As FOX Sports' Ken Rosenthal points out, however, Millwood might not even be the most attractive trade asset on Baltimore's staff.  Jeremy Guthrie has a lower ERA (3.71 to Millwood's 4.64), a lower WHIP (1.13 to 1.44) and is very close to Millwood in K-BB ratio (2.41 to Millwood's 2.65).  Perhaps more importantly for interested teams, Guthrie isn't a free agent until after the 2012 season and has about $1.9MM left to earn of his $3MM salary for this season.  A team that deals for Millwood, on the other hand, will owe him approximately $7.57MM remaining on his $12MM 2010 salary.  (Texas paid Baltimore $3MM of that salary when trading Millwood over the winter, but it's unknown if the O's would send a representative portion of that money to a trade partner.)  Millwood is also a free agent after this season.

More and more contending teams are shying away from acquiring older rent-a-players at the cost of valuable prospects, and thus Millwood may not be able to pull in the young talent that the Orioles want.  Guthrie's younger age (31), pedigree (he was a first-round pick for the Indians in the 2002 draft) and potential upside might convince a team to part with a decent prospect or two.  Rosenthal notes that Guthrie's situation makes him more attractive to the O's too, but given Baltimore's struggles, it's hard to see them turning down a good offer on any veteran player.


6 Responses to Guthrie, Not Millwood, May Be Orioles’ Most Tradable Pitcher Leave a Reply

  1. Yankees420 5 years ago

    The O’s should definitely deal Guthrie, his value will only decrease as he gets closer to FA, and thus becomes more expensive to retain. They could probably get one or two top 10-15 prospects from someone if McPhail handles it right.

  2. Civilization 5 years ago

    Selling this. Millwood’s ERA is reflecting an abnormal amount of home runs surrendered. 16.2% HR/FB ratio compared to his career high of 10.6%. When this adjusts Millwood’s numbers will be more appealing then Guthrie. Note the difference in xFIP between the two.

    Guthrie might be a better investment but the argument made is counter intuitive to the idea. Teams are less likely to give up prospects for rent-a-player older players, and while Guthrie may not be a rent-a-player he’s no spring chicken. And the price tag for Millwood isn’t going to be much compared to a Guthrie. Teams will take a flier on a salary dump of Millwood before considering adding Guthrie.

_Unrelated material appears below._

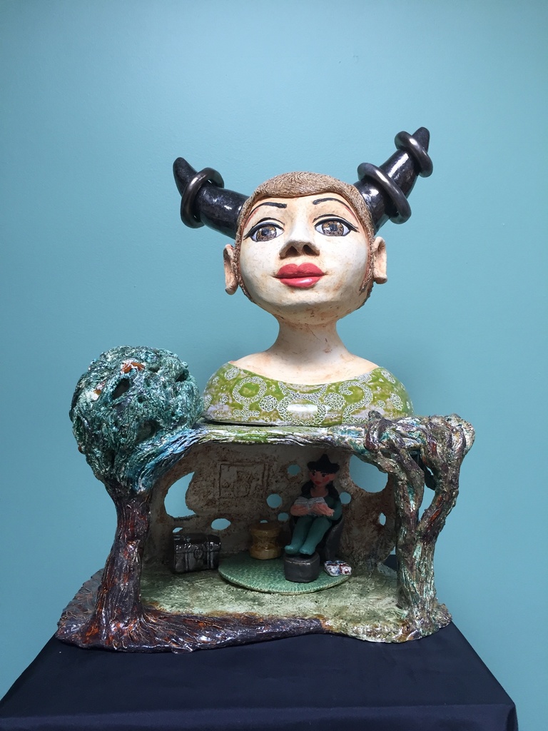 Cecile maakt keramische beelden, potten, dozen en tegels en geluksvisjes. Koppen met hoofdtooi of badmuts. Sprookjesachtig en kleurrijk geglazuurd. Cecile ter Borgh is lid van de SKNH en heeft werk in stock bij Galerie Stam in Amsterdam.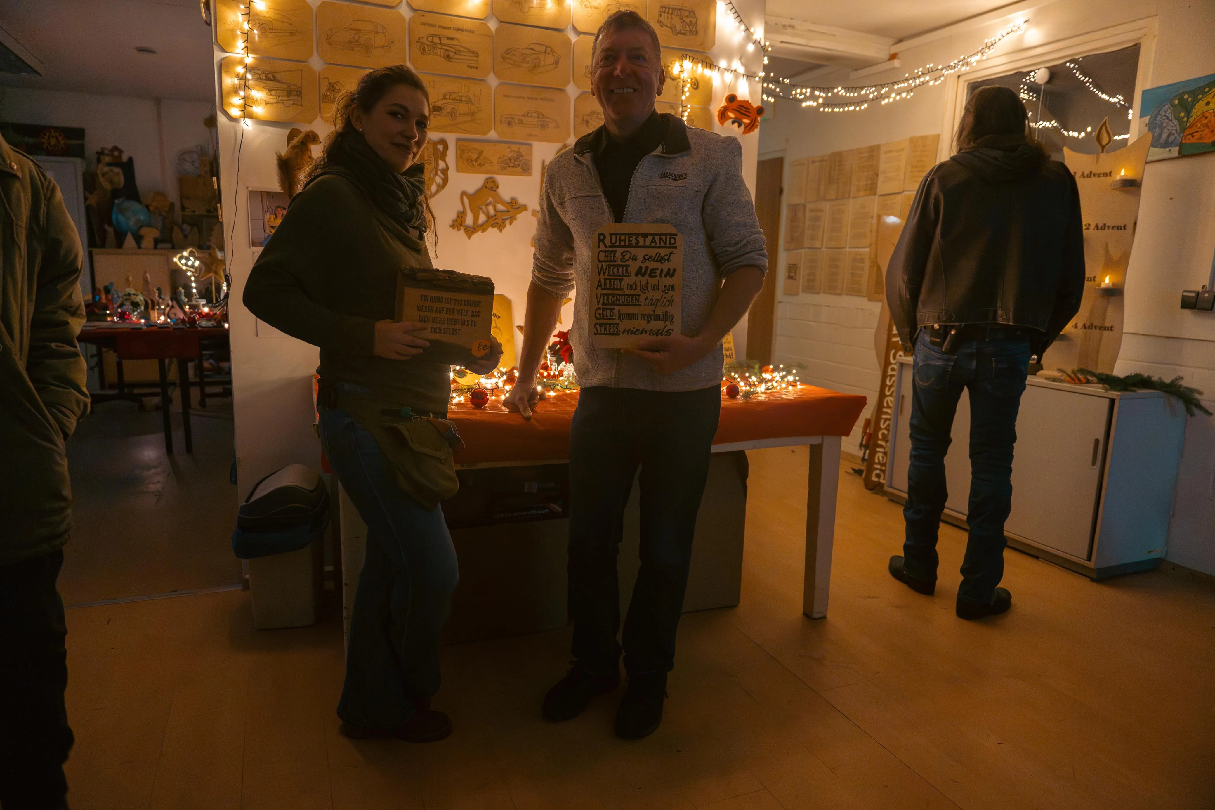 Die Werke, die zum Verkauf standen, waren mehr als nur Gebrauchsgegenstände: kleine Holzlaternen, kunstvoll verzierte Werkstücke — manche schlicht und robust, andere filigran und fein gearbeitet. Besonders beliebt waren die großen, massiven Laternen. Sie waren innerhalb kürzester Zeit ausverkauft. „Eigentlich wollten wir morgen noch welche mit auf den Weihnachtsmarkt nach Nachrodt nehmen. Aber was weg ist, ist weg“, freut sich Triches. Denn jeder Verkauf, bedeutet auch Einnahmen für die Freizeitkasse der Bewohner. Daraus werden besondere Ausflüge oder Aktionen finanziert.

    • Yankees420 5 years ago

      Guthrie isn’t that old, he’ll turn 32 at the start of next season, while Millwood is already 35. Also I don’t think his salary will get that high, maybe 5-7MM next year and ~9MM in 2012, which isn’t a bad price to pay if his production is ~180IP near a 4ERA (or even lower if an NL team acquires him.) All in all, I don’t think Guthrie is as good as he is now but I do believe he will fetch more in a trade than Millwood.

      • Civilization 5 years ago

        Exactly. While Guthrie isn’t that old, he’s at that age where you expect to see that downward slope of production to appear. Combined with a reasonable contract that has team control past this year and probably a midlevel contract would resign him, the prospects involved would be a bit pricey. We’re not talking top level guys, but it’ll take a B level prospect or two. Where as Millwood could be had for a warm body and half his prorated salary.

        Either a team can send the Os a warm body and about 3.5 million or send them a B and C level prospect to get Guthrie…

        • Yankees420 5 years ago

          I agree, and maybe someone like the Cards that are looking for pitching might prefer Guthrie because he can be a relatively cheap innings eater in the #4 slot for more than just this season. I don’t know if they want to take the hit to the farm but if they can work something out that they agree with then they basically have their rotation for next season and can concentrate on resigning Pujols. Just a thought.

  3. aap212 5 years ago

    Really? The younger, cheaper, more durable, and team controlled pitcher is more appealing? Tell us more, Professor Rosenthal.